The frequency of abnormal CSF findings in 40 children, ages 3-19 years, with new onset facial palsy and Lyme disease was determined at the State University of New York at Stony Brook. CSF white cell count, protein, or both were elevated in 68% of cases. The majority (89%) had markers of B burgdorferi CNS invasion or immune involvement. Lyme disease-associated facial nerve palsy was related to CNS involvement and occult meningitis. Of 22 with CSF pleocytosis, none had meningeal signs and only one third had headache. [1]

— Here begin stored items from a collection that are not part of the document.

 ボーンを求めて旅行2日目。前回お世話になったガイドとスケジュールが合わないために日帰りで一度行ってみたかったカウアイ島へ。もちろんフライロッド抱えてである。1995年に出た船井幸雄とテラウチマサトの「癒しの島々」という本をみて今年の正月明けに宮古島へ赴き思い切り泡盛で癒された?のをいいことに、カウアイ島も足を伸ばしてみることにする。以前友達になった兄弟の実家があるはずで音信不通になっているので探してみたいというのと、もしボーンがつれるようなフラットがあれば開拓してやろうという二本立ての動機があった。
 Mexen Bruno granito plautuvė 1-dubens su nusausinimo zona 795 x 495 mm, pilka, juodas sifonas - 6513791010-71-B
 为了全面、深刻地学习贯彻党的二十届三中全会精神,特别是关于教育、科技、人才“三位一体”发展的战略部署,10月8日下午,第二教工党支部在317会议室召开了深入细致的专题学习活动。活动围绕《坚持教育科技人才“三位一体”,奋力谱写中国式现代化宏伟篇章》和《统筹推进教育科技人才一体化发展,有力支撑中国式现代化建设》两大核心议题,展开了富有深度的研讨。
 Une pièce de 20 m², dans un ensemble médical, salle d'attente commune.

COMMENT. The diagnostic value of CSF examination in children with peripheral facial palsy and suspected Lyme borreliosis was reported from Zurich, Switzerland, in Neurology [2] (see Ped Neur Briefs Oct 1997). Analysis of CSF for specific antibodies to B burgdorferi in children with acute facial palsy may facilitate eary diagnosis and prompt antibiotic treatment.

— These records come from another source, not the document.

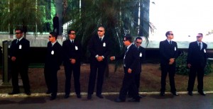 No ponto de desembarque há cerca de 50 seguranças, todos de terno, gravata e óculos escuros, acompanhando a chegada de advogados, ministros e imprensa.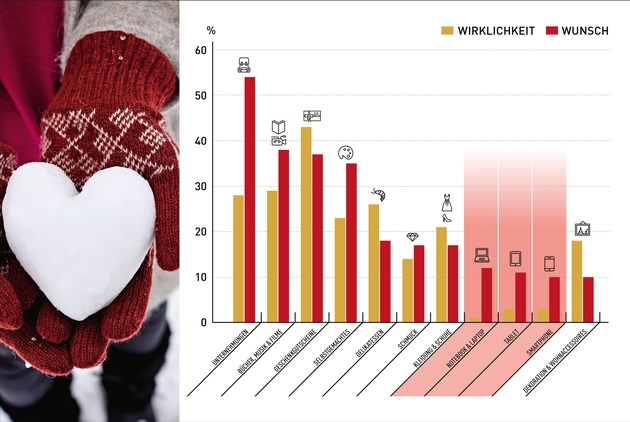 Die Deutschen verschenken übrigens nach wie vor lieber "die Klassiker" als Technikschnickschnack. Mehr als jeder Vierte wird in diesem Jahr Delikatessen auf den Gabentisch legen, obwohl nur 18 Prozent der Deutschen das als Weihnachtsgeschenk wirklich möchten. Auch Deko-Artikel und Wohnaccessoires werden häufiger verschenkt als es den meisten lieb wäre.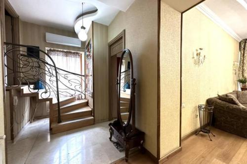 (Auto Translate!) Triplex type apartment for sale in Metekhi district, renovated by designer, with furniture, pantry and 34 sq.m. With a basement, it has a small garden that we enjoy. The apartment can also be used for commercial activities (cafe, hotel.
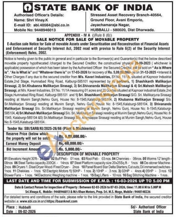 01 Elevators Height 30'ft-26 nos. 02 Buff Peti- 01 nos. 03 Rool Pati- 03 nos. 04 Chennies- 06nos. 05 Worms 12 length-08nos 06 Steel Tanks capacity 2000t 14nos 07 Steel Platform capacity size 20x25Sq.ft 1nos 08 De-stoner Machine-2nos 09 Dryers 1. Disel Dryer Wood/Fired Dryer 2nos 10 Panel Board Star Delta Starters, Cut outs, Oil immersed switches-Inos 11 Chekkies 1nos 12 Electgric Motors 1) 50HP-1 nos. 2) 10HP 3 nos. 3) 02HP 4nos 4) 05HP 3 nos 13 Blower Fans 1 nos. 14 Electronic Weighing machine 1 nos. 15 Bag Lifters 10 nos. 16 Bag Stitching Machine - 1 nos..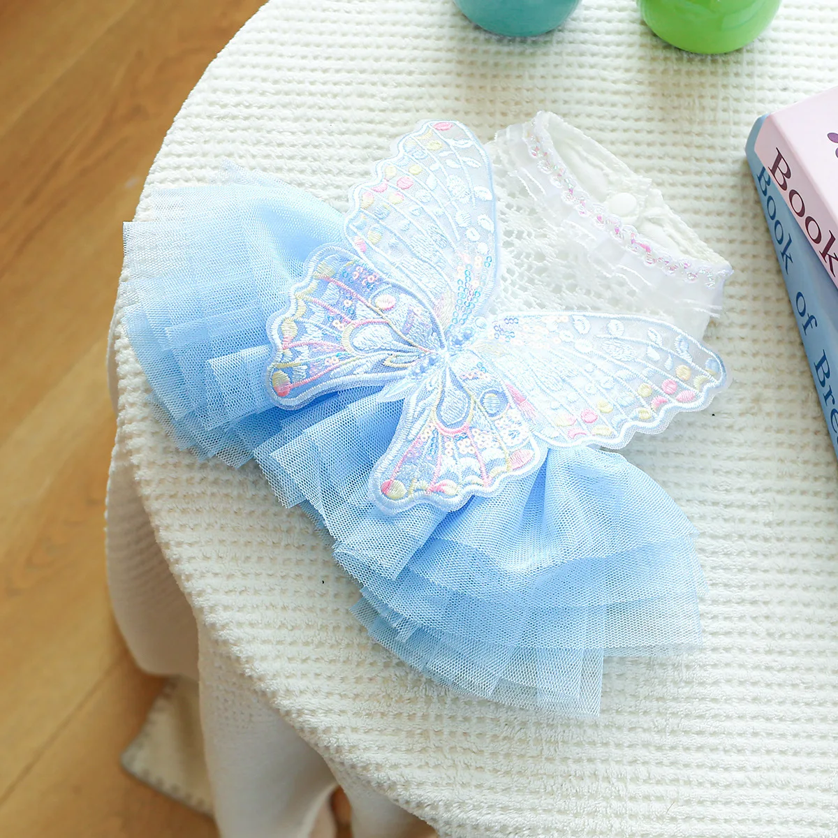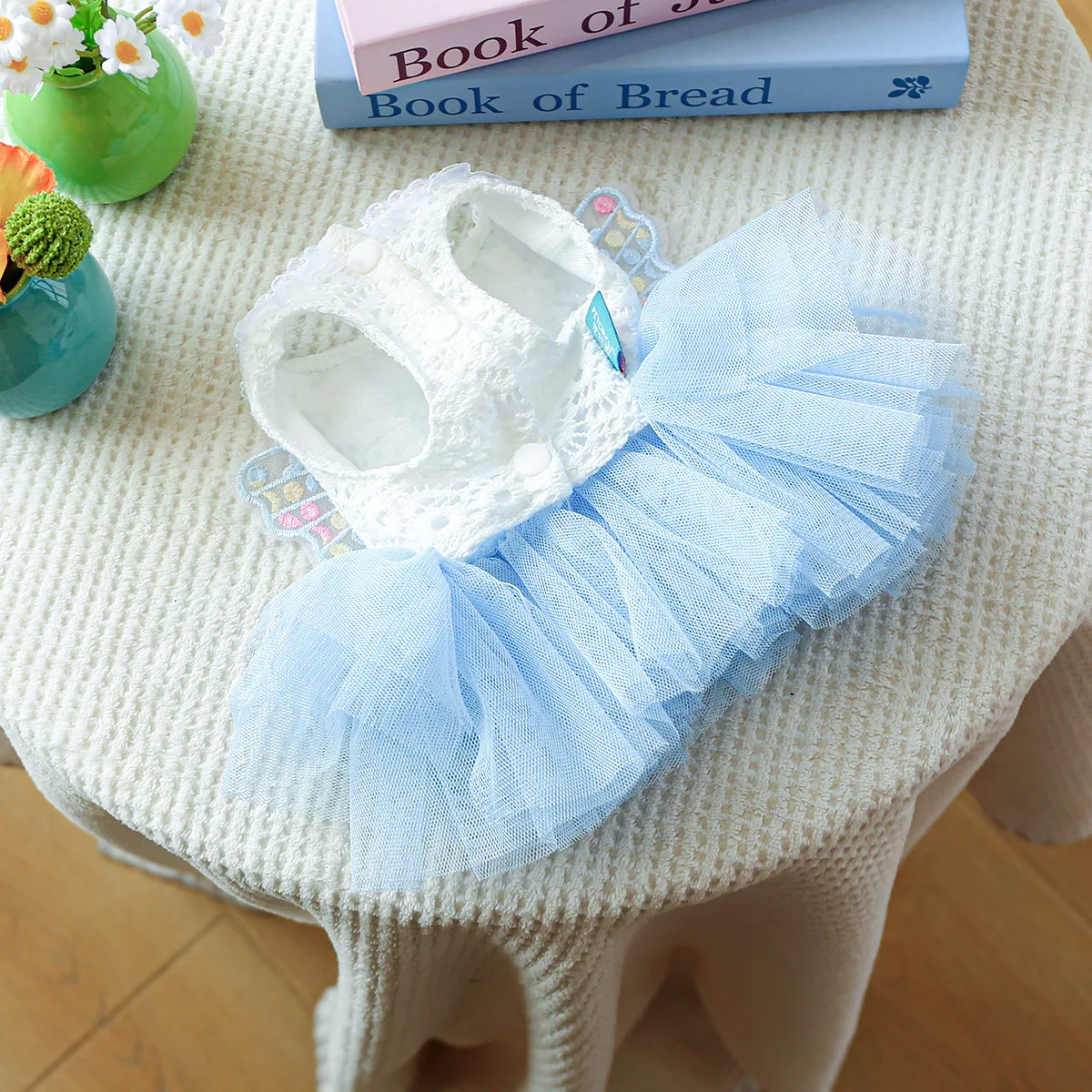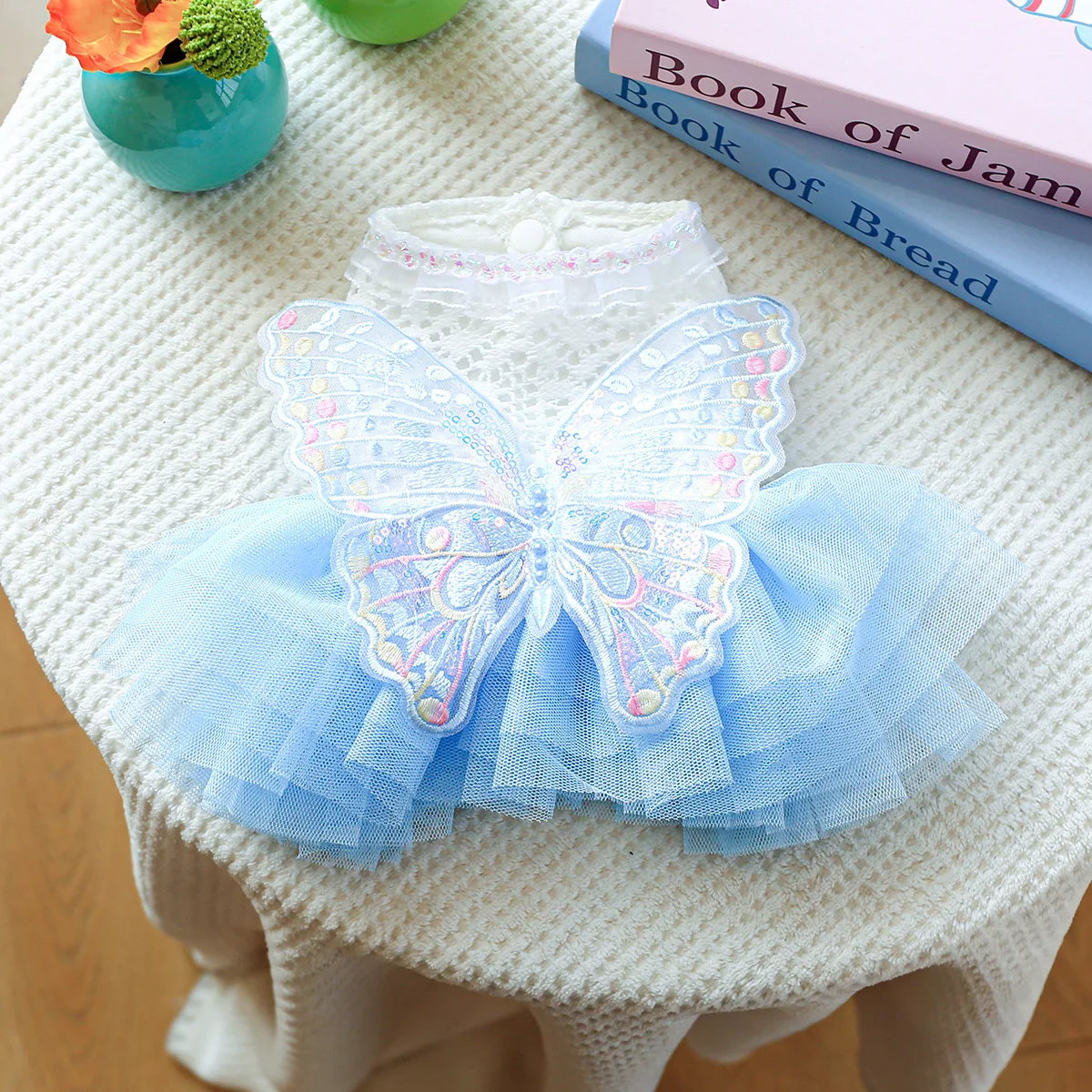 Vestido de malla de mariposa para mascotas, ropa para perros, falda abombada de malla de mariposa, ropa para cachorros, vestidos para perros pequeños

There are more questions than answers, according to an editorial comment by Shapiro ED of Yale University, New Haven, CT, and Gerber MA, University of Connecticut, Farmington. They consider that the clinical significance of CSF abnormalities in Lyme disease-associated facial palsy has not been established, and routine spinal tap and parenteral antibiotic therapy, recommended by some authorities in cases with CSF pleocytosis, is unnecessary and not justified.

Facial palsy in Kawasaki syndrome is reported from Children's Hospital, Boston, MA [3]. A 12-week-old-boy with coronary artery aneurysms and Kawasaki syndrome (KS) developed a facial palsy which resolved after treatment with IV immunoglobulin. KS is a vascular inflammatory disease of young children of unknown cause, presenting with unexplained fever, conjunctivitis, red lips, tongue and pharynx, skin rash, cervical adenopathy, erythematous hands and feet, and 25% have coronary aneurysms. Encephalopathy, seizures, stroke, ataxia, myositis, and facial palsy are rare neurological complications.